DDO obligations have encouraged the move

Ironically, advisers and brokers have been assisted by compliance with the new Design and Distribution Obligations (DDO) meant to protect investors. Under DDO, issuers have decided that hybrids, for example, can only be distributed to sophisticated investors.

For the recent issues by ANZ and CBA, brokers registered qualified clients as sophisticated and now they have a large database that can be sold to outside retail protections.

This is what potential applicants for ANZ’s recent hybrid issue were advised, even those who simply wanted to rollover their previous holding:

“If you want to apply for ANZ Capital Notes 7, you must be a client of a syndicate broker ... and either a wholesale investor, or a retail client within the Notes Target Market who has received personal advice from a licensed professional adviser.”

Out of the blocks and running

Entering this back-to-the-future world is the first of many expected new LICs and LITs, the PIMCO Global Income Opportunities Trust (proposed code on ASX:PMX), currently in the market seeking $500 million with potential for oversubscriptions of another $200 million.
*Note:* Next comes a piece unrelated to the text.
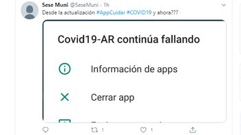“Primera vez que me paran en un control desde que empezó la pandemia y me falla la app Cuidar”, se quejó esta mañana el usuario @AguS_SL en Twitter. “¿Por qué la aplicación #Cuidar no funciona? ¿A alguien más le pasa?, se preguntó @pampi_luna. “A mí tampoco me funciona. Recién me paró un control y no pude acreditar mi desplazamiento”, le respondió Carlos Alegre. Si se bucea en distintas plataformas, abundan varias quejas similares.

(This article makes no attempt to analyse the merits of the transaction. We are drawing attention to the distribution processes and changes in advice businesses).
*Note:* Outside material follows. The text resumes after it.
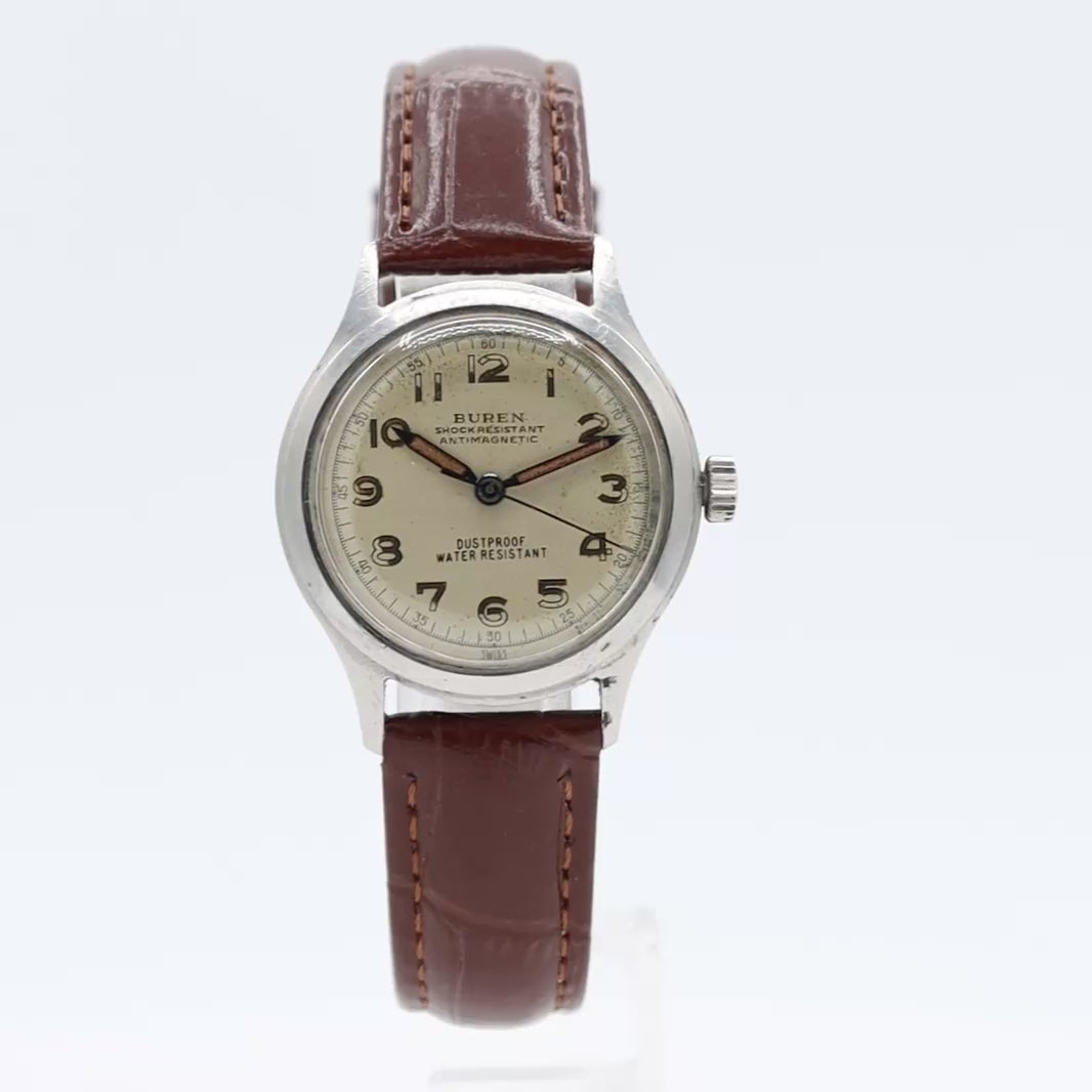 Vintage 31mm Buren Grand Prix 17 Jewel Men's Mechanical Wristwatch Swiss Steel

Page 69 of the Product Disclosure Statement says:

(i) Remuneration of financial advisers

The Manager will pay the fees (some of which are based on the volume of funds raised, as explained below) payable to the Joint Lead Arrangers and Joint Lead Managers (see Section 11.2), some of which may also act as financial advisers.

The Manager proposes to pay a stamping fee to the Joint Lead Arrangers and Joint Lead Managers in respect of all Applicants who are certified to be Wholesale Clients. However, no stamping fee will be paid in respect of an Applicant who is not certified to be a Wholesale Client.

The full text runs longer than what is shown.